__WORK INSTRUCTIONS__: Give again, exactly and only, the lines running from the one with "在公司会议室内,检查组对培养" to the end of the material below; leave out pictures.

__DATA FOR THIS TASK__:
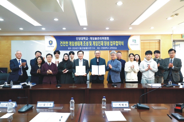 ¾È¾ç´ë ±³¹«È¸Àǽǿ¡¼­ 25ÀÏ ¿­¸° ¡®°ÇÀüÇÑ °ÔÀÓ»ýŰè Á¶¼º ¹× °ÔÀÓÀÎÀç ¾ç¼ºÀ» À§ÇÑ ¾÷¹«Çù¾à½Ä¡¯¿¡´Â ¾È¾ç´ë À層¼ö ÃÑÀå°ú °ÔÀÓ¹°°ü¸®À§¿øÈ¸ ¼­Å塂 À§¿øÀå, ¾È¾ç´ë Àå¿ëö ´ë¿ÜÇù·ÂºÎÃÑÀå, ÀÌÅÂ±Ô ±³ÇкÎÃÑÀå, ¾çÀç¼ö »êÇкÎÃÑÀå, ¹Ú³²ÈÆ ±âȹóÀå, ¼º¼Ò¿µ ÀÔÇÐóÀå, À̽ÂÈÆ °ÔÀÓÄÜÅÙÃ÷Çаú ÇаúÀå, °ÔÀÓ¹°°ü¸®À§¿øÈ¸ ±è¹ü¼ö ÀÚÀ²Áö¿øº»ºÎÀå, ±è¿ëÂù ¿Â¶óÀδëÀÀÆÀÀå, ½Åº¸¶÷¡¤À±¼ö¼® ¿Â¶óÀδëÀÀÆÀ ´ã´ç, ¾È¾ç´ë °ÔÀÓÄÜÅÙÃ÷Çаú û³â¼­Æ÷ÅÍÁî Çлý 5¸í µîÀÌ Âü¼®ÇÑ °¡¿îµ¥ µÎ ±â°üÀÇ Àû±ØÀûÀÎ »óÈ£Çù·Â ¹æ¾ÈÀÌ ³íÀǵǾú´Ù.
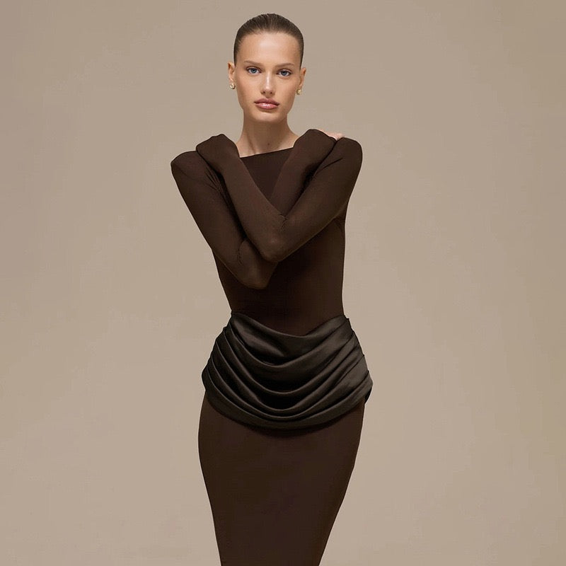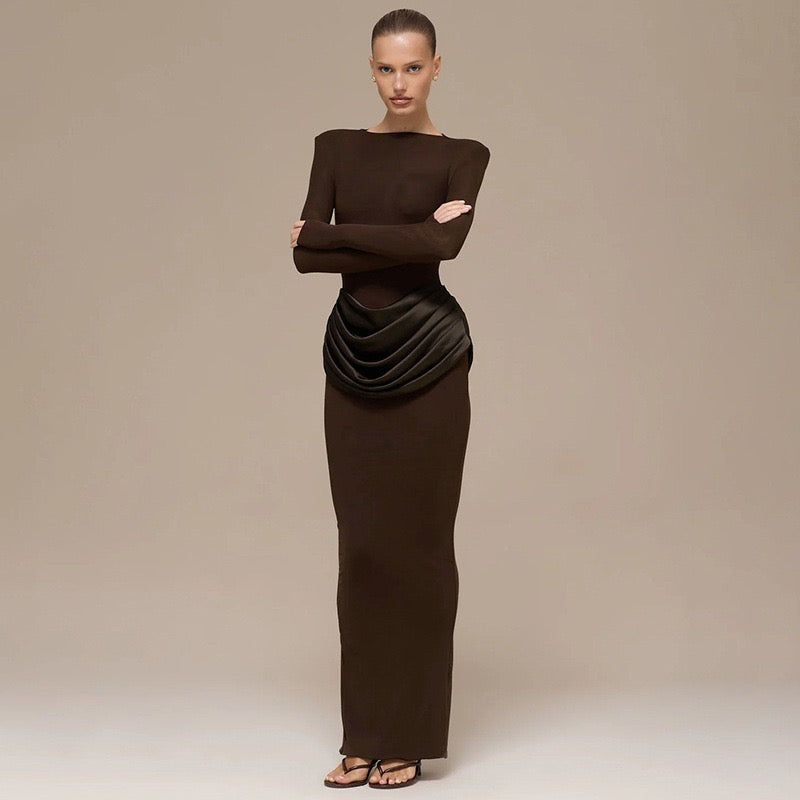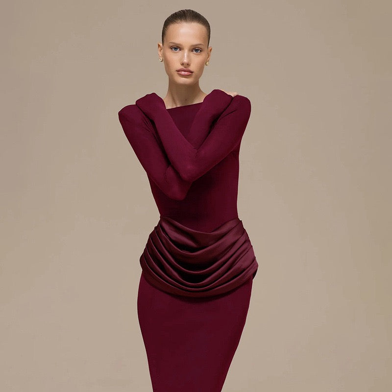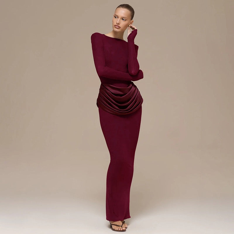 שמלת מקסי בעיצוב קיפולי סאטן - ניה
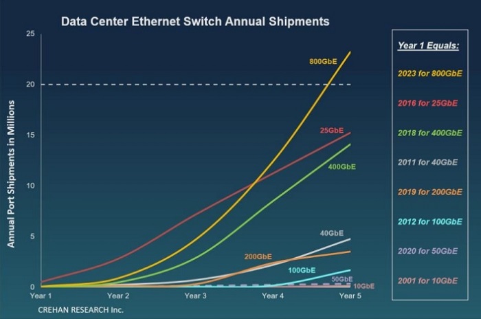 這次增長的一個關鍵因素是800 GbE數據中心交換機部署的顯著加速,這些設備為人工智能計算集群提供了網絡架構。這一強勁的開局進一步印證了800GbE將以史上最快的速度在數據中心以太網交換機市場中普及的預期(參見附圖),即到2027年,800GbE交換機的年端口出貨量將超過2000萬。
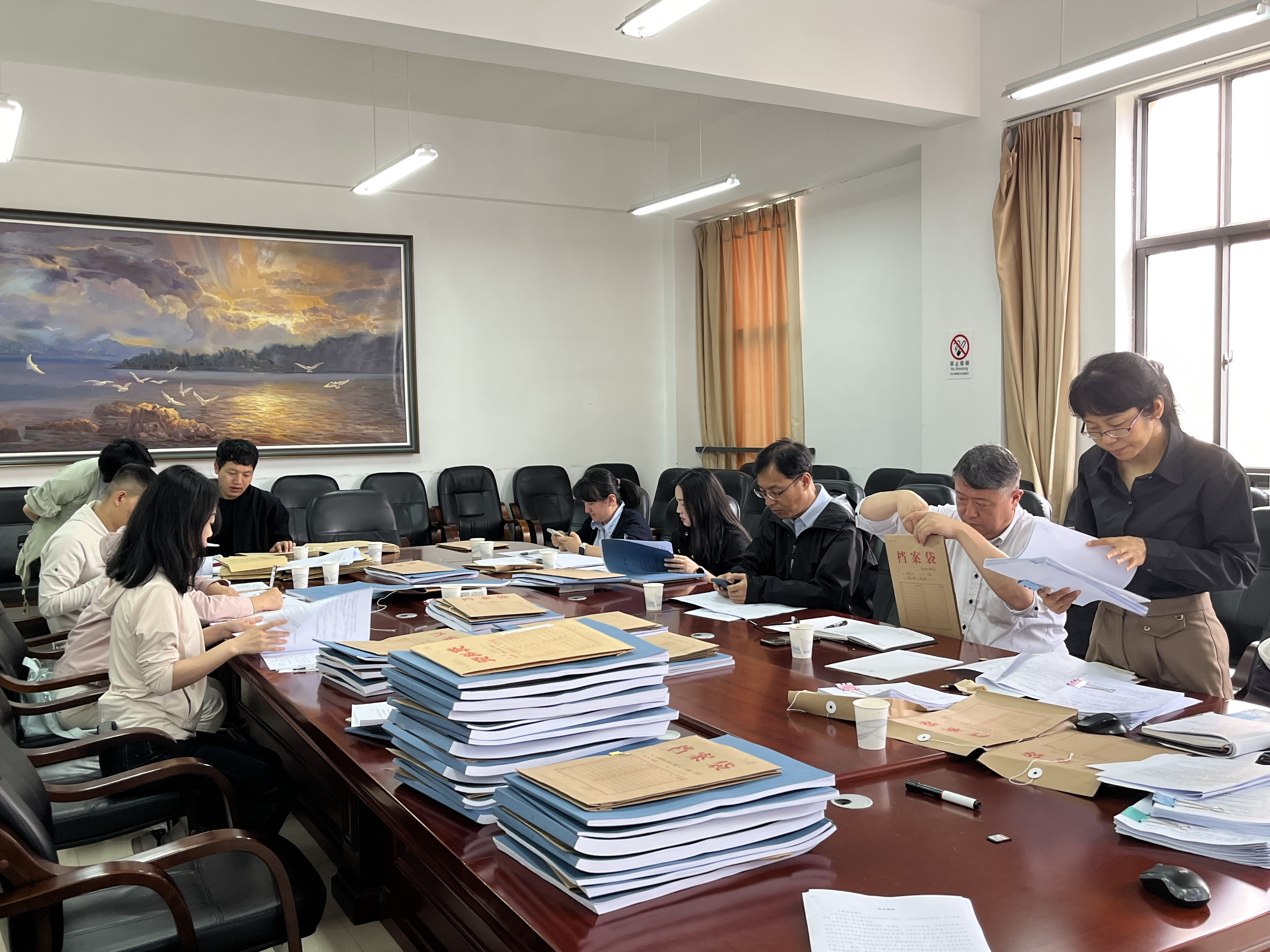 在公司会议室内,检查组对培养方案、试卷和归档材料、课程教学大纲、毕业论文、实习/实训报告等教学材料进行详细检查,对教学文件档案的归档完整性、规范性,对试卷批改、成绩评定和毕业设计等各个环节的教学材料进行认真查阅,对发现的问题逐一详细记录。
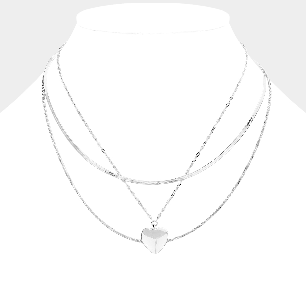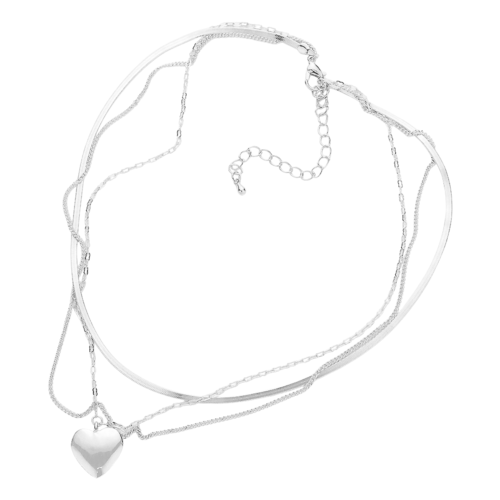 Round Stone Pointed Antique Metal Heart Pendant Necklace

__TASK OUTPUT__:
 在公司会议室内,检查组对培养方案、试卷和归档材料、课程教学大纲、毕业论文、实习/实训报告等教学材料进行详细检查,对教学文件档案的归档完整性、规范性,对试卷批改、成绩评定和毕业设计等各个环节的教学材料进行认真查阅,对发现的问题逐一详细记录。
 Round Stone Pointed Antique Metal Heart Pendant Necklace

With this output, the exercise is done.